In [1]:
from transformers import T5Tokenizer, AutoModelForSeq2SeqLM, TrainingArguments, Trainer
from datasets import Dataset
import pandas as pd
import torch

In [2]:
def generate_samples_csv(
    df,                        # your pandas DataFrame
    model_path,                # path to your fine-tuned model
    source_col,                # column name for source text
    target_col,                # column name for reference translation
    direction_prompt,          # e.g. "translate MSA to EGY:"
    num_samples=10,            # number of random examples to sample
    output_file="output.csv"   # name of the CSV to save
):
    # 1. Sample from the data
    sample_df = df[[source_col, target_col]].dropna().sample(n=num_samples, random_state=29).reset_index(drop=True)

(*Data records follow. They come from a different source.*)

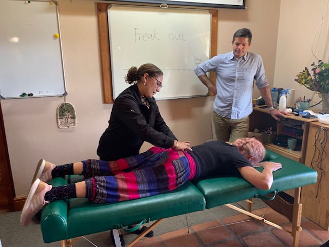 We hadden maandag een dikke syllabus ontvangen en daar gingen we dinsdag mee aan de slag. In de ochtend startten we eerst met een fijne gedachte, richtlijnen van BSR, anatomie, we oefenden met de techniek en we leerden de bot oriëntatiepunten te ontdekken op Fred. Oftewel, waar voel je wat op het lichaam? Als er iets is wat er voor mij duidelijk is, dan is het wel dat deze docenten de aspecten van adaptief onderwijs volgens Stevens heel goed beheersen. De docenten zijn compleet dienstbaar om ons op ons gemak te stellen, ons aan te moedigen, voorzichtig uit te dagen en er is veel humor. Het is een warm bad waar je in terecht komt. Er is aandacht voor ons. Er werd benoemd dat ze het bijzonder vonden dat we ons maandagmorgen zo open en kwetsbaar hadden opgesteld bij het introduceren van onszelf. Dit was een mooi inleidend bruggetjes voor het bekijken van onder andere een grappige en wijze Tedtalk hierover van Brené Brown. Mocht je 20 minuten van je tijd over hebben, klik dan eens op deze link.
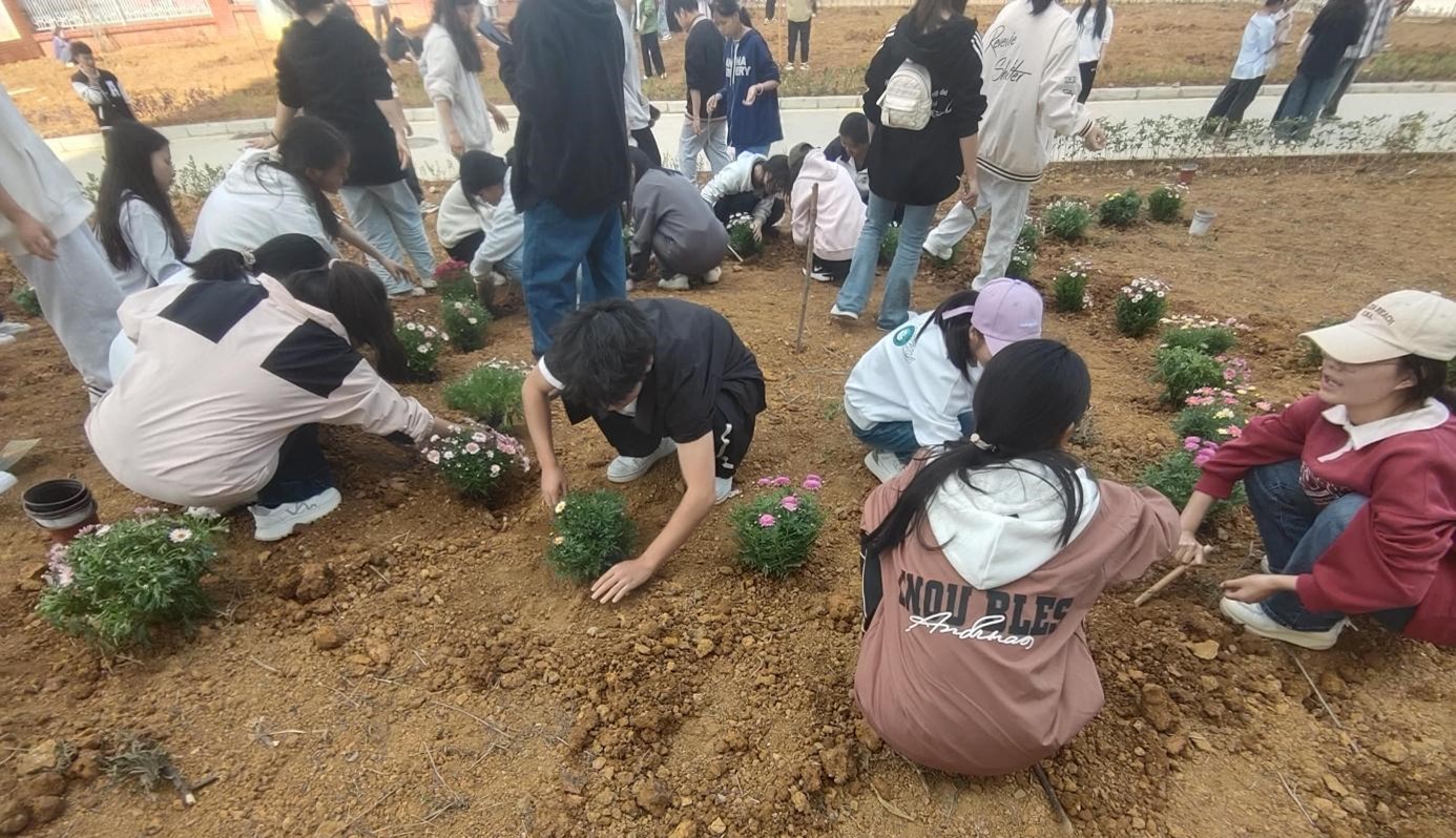 活动前,同学们精心筹备策划,提前准备了花卉种子和菊花盆栽,种植所需锄头、水管、水桶、铲子等劳动工具。活动现场大家热情高涨、干劲十足,全体成员分工明确,翻土、挖坑、放入植株、盖土、浇水,每一个步骤都认真完成,仿佛在呵护一个个新生的生命。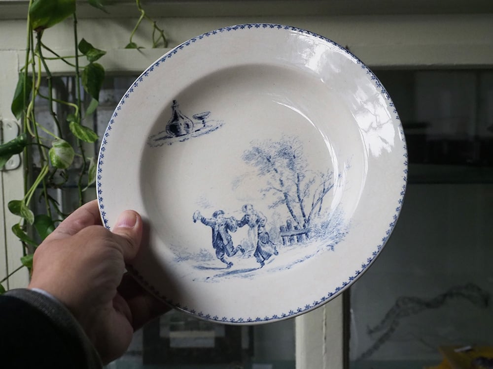牧歌的な風景が描かれたCreil et Montereauのお皿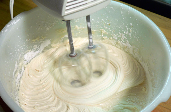 Mix it until it gets to a very smooth consistency, thin enough for spreading, firm enough to hold a bit of shape. It’s very sweet. There may be a finger indentation in there somewhere if you look closely. Where might that have come from I wonder.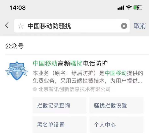 如果你是移动用户,我们首先需要关注一个公众号,叫做:中国移动高频骚扰电话防护,如图:

    # 2. Load model & tokenizer
    model = AutoModelForSeq2SeqLM.from_pretrained(model_path).to("cuda").eval()
    tokenizer = T5Tokenizer.from_pretrained(model_path)

    # 3. Generate translations
    predictions = []
    for i, row in sample_df.iterrows():
        input_text = f"{direction_prompt} {row[source_col]}"
        inputs = tokenizer(input_text, return_tensors="pt", truncation=True, max_length=128).to(model.device)

        with torch.no_grad():
            outputs = model.generate(**inputs, max_new_tokens=128)

        decoded = tokenizer.decode(outputs[0], skip_special_tokens=True)
        predictions.append(decoded.strip())

    # 4. Save to CSV
    output_df = pd.DataFrame({
        f"{source_col}": sample_df[source_col],
        f"Original {target_col} Translation": sample_df[target_col],
        f"Generated {target_col} Translation": predictions
    })

    output_df.to_csv(output_file, index=False)


In [3]:
em_df = pd.read_csv("./data/combined_egy_dev.csv")
lm_df = pd.read_csv("./data/combined_lev_dev.csv")

output_folder = "./generated_samples/"

em_model_path = "./arat5-styletransfer_egy_msa"
lm_model_path = "./arat5-styletransfer_lev_msa"

generate_samples_csv(df=em_df, model_path=em_model_path, source_col="MSA", target_col="EGY", direction_prompt="translate MSA to EGY:", num_samples=10, output_file=f"{output_folder}Samples_MSA_EGY.csv")

generate_samples_csv(df=lm_df, model_path=lm_model_path, source_col="MSA", target_col="LEV", direction_prompt="translate MSA to LEV:", num_samples=10, output_file=f"{output_folder}Samples_MSA_LEV.csv")

generate_samples_csv(df=lm_df, model_path=lm_model_path, source_col="LEV", target_col="MSA", direction_prompt="translate LEV to MSA:", num_samples=10, output_file=f"{output_folder}Samples_LEV_MSA.csv")

generate_samples_csv(df=em_df, model_path=em_model_path, source_col="EGY", target_col="MSA", direction_prompt="translate EGY to MSA:", num_samples=10, output_file=f"{output_folder}Samples_EGY_MSA.csv")

In [6]:
def csv_to_formatted_txt(csv_file, txt_file):
    df = pd.read_csv(csv_file)

    with open(txt_file, 'w', encoding='utf-8') as f:
        for _, row in df.iterrows():
            for col in df.columns:
                f.write(f"{col}:\n{row[col]}\n")
            f.write("\n")  # empty line between rows

csv_to_formatted_txt(f"{output_folder}Samples_MSA_EGY.csv", f"{output_folder}Samples_MSA_EGY.txt")
csv_to_formatted_txt(f"{output_folder}Samples_MSA_LEV.csv", f"{output_folder}Samples_MSA_LEV.txt")
csv_to_formatted_txt(f"{output_folder}Samples_LEV_MSA.csv", f"{output_folder}Samples_LEV_MSA.txt")
csv_to_formatted_txt(f"{output_folder}Samples_EGY_MSA.csv", f"{output_folder}Samples_EGY_MSA.txt")